Back to the internet crazies. I won’t replicate the comments made regarding the beating of the newly, happily married woman in Washtenaw County. You can easily find them yourself by looking up any of the reports. The following is a thematic summary: she’s lying to get people on the side of gay marriage; who cares gays should get out and go back in the closet; what did the gays expect; gays are destroying America; Fred Phelps was right. That captures the tone. Of course, not all of the posts took that bent but the high frequency of those that did use this kind of vitriol was jarring.
They are crazies, right? Can’t we move on and just let the haters hate? No.

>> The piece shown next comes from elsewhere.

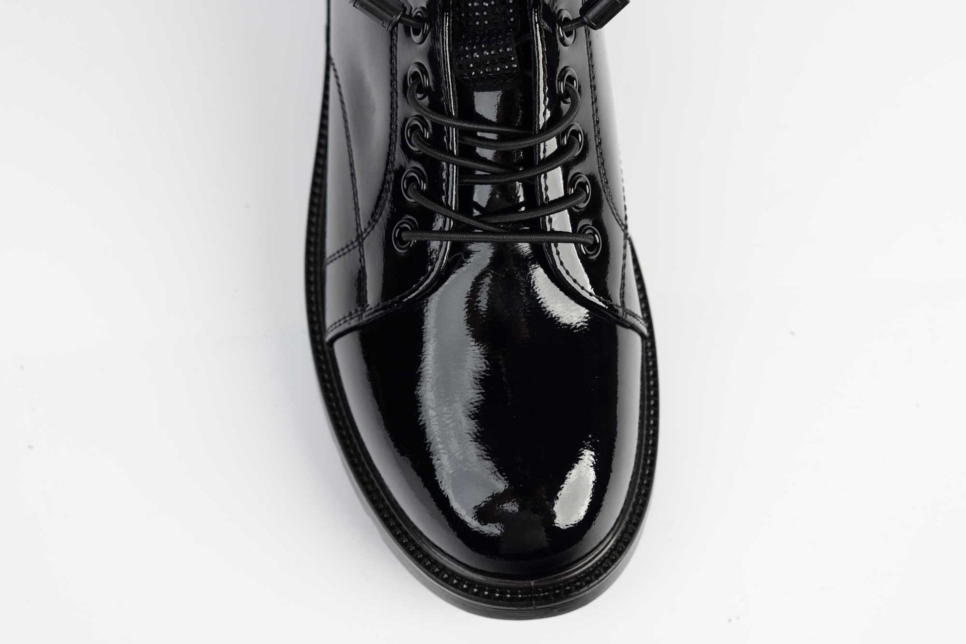 Pantofi FORMAZIONE de dama din piele naturala lacuita cu siret elastic, piele foarte moale si care ofera maximum de confort la purtare indelungata, Talpa este usoara, flexibila iar pe interior detine un brant cu memory. Greutatea unui singur pantof este de 285 grame.
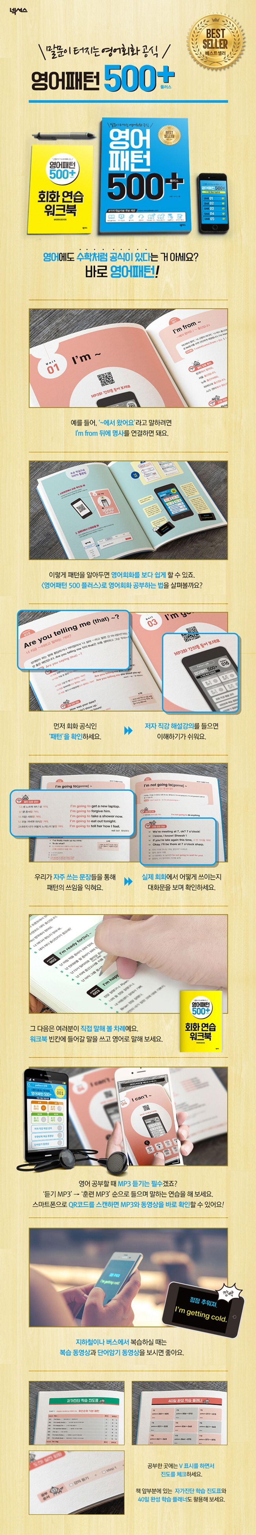 영어 패턴을 알고 있으면 단어/표현만 바꿔넣어 하고 싶은 말을 쉽게 할 수 있다. 『영어패턴 500 플러스 +』은 서울대학교에서 영어교육학을 전공하고 우리나라의 전통적인 영어 학습법을 통해 영어를 배운 아빠와, 어려서부터 영어권 국가에서 영어를 습득한 이중언어 구사자인 딸이 함께 쓴 책이다. 현지인들이 일상 대화에서 실제로 많이 쓰는 패터 200개를 엄선하고, 상황에 따라 응용할 수 있는 유사 패턴 300여 개도 함께 수록했다.

J.L. Lemke wrote in a 1995 special issue of Columbia University’s 21stC, “A little violence goes a long way when it takes on a meaning, when people begin to predict what will be punished. That meaning enables violence to function as a means of control. No social order could maintain itself solely by the physical effects of violence. Violence is always also a warning, a threat of the possibility of more violence.” The observation was almost prophecy for what happened after President Obama refused to defend DOMA in court. In May of 2012, Think Progress reported on several right-wing pastors in different states advocating physical violence toward gay people and generally disparaging the LGBT community. ” –North Carolina Pastor argues for a gay concentration camp. – Kansas Pastor says gays should be put to death. – Maryland Pastor says his ‘flesh’ likes the idea of killing gays.” Jamie Hagen of the Rolling Stone quoted Michelle Bachmann, R-Minnesota (“Christians must engage in “spiritual warfare” to combat same-sex marriage”) and Trent Franks, R-Arizona (Marriage equality is “a threat to the nation’s survival in the long run”) as issuing calls to arms after the death of DOMA. (June 2013). Progress and backlash.

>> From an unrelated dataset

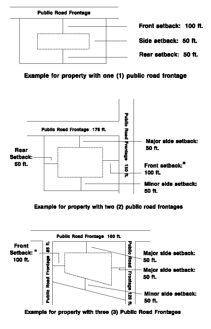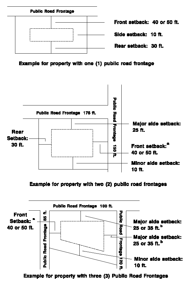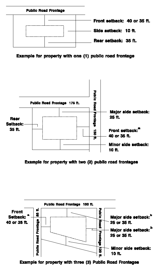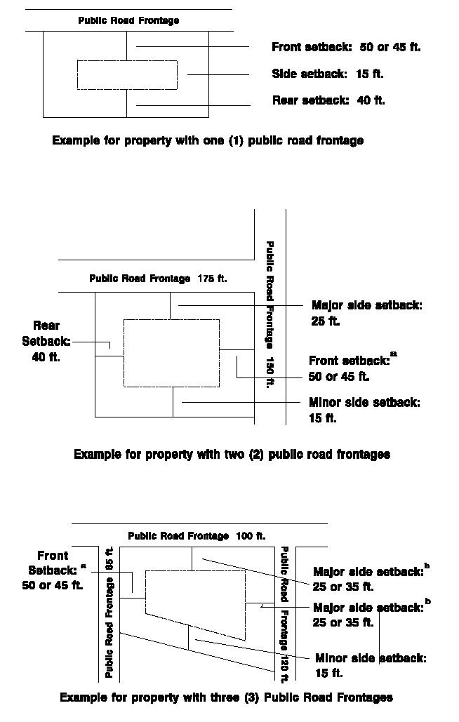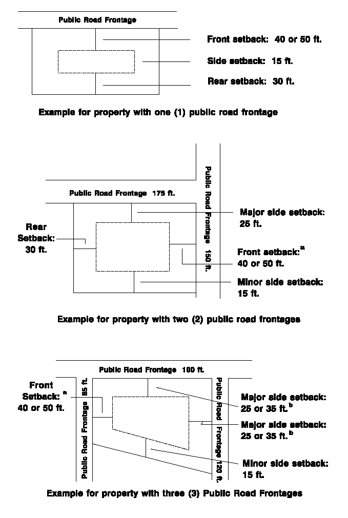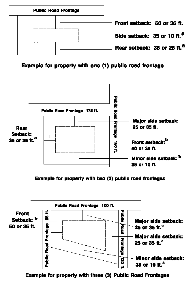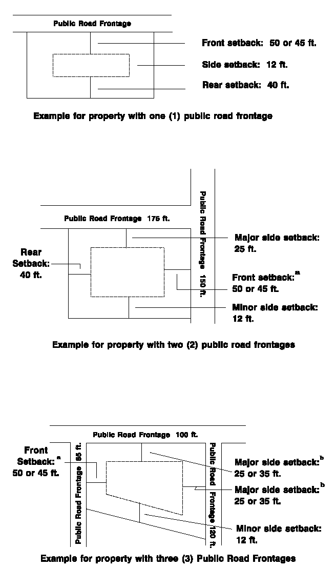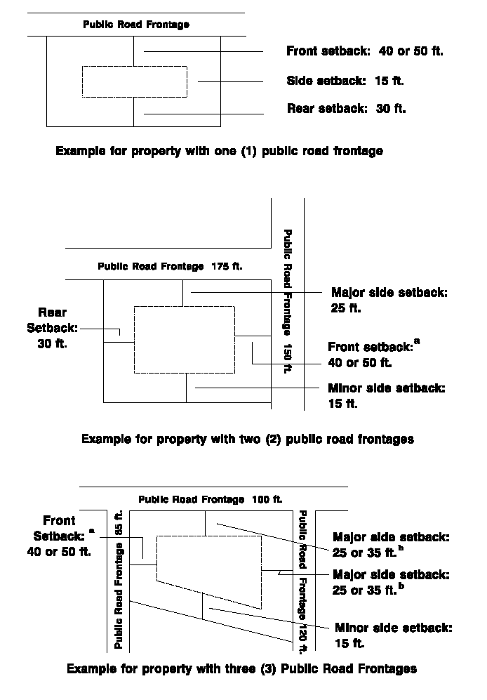 Minimum public road frontage: 75 feet; cul-de-sac, 50 feet.

Why does this matter? All of these people are “outside” the mainstream trend toward LGBT Civil Rights. While that may be generally accepted, these public figures, like those private figures sharing poisonous bigotry in response to a Michigan hate crime, lay a breeding ground for physical violence and for LGBT loss of personal dignity.

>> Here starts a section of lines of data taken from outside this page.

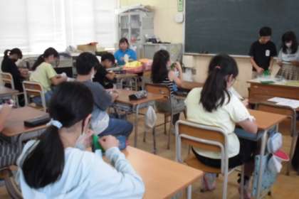 6年生が平和学習で各学級を回って、平和に関する絵本の読み聞かせと、折鶴の折り方を教えてくれました。完成した千羽鶴は修学旅行に持っていきます。
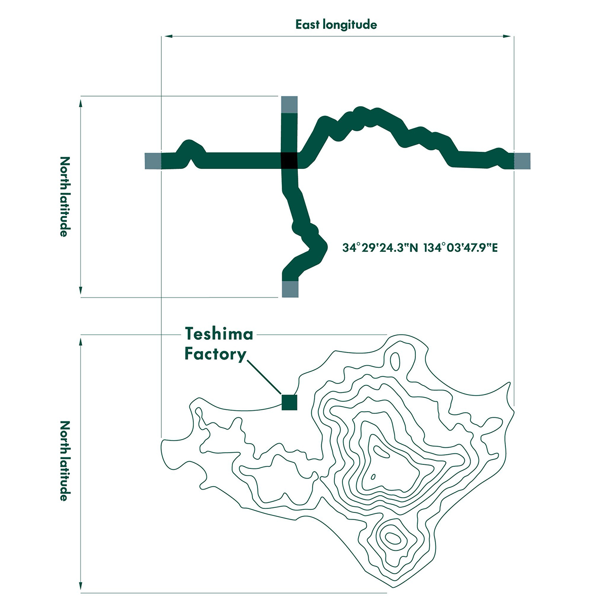 建築外牆上印著的品牌視覺識別,由日本 6D 設計事務所的木住野彰悟設計,他以豐島的地形切面為靈感,線條交會處標示出 Teshima Factory 的所在,綠色線條象徵山與田地,水藍色則代表瀨戶內海,簡潔的圖像不僅融入工業風格的場域,也讓人一眼看出這是屬於豐島的符號。
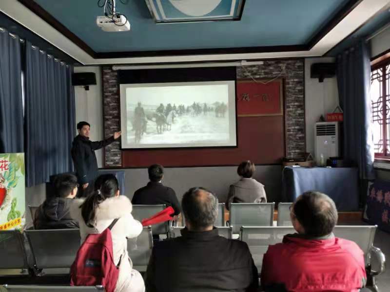 在车桥战役影视厅,全国党建工作样板支部、教师行党政支部陈亚东博士从战役背景、战役意义、战前准备、战役过程、战役伤亡多方面讲述车桥战役实景党课,追溯红色记忆,感悟先烈精神。

“Defamation of a minority group, through hate speech, undermines a public good: the basic assurance of inclusion in society for all members . A social environment polluted by anti-gay leaflets, Nazi banners, and burning crosses sends an implicit message to the targets of such hatred: your security is uncertain and you can expect to face humiliation and discrimination when you leave your home.”(Jeremy Waldron, The Harm in Hate Speech, 2012)
When I read those comments in response to a crime that saddened and troubled me, I had the same physical and emotional reaction as I did when I was a young, newly out gay man. Anger, fear, humiliation. These were the feelings I faced 30 years ago when I came out to a world far less supportive and accepting than we believe it to be today. These were the feelings I had when I read what people in my own Michigan community wrote – the way they responded to another citizen’s victimization.
Scott Long, director of the Lesbian, Gay, Bisexual, and Transgender Rights Program at Human Rights Watch asserts, “visibility breeds violence, and there is a pressing need for new support and protection.”(Human Rights Watch, 2009) “Winning” marriage is not an end game. It is tremendously important progress. It is a demonstration of value and inclusion. There is, however, much more work to do for human rights, equality, and social justice.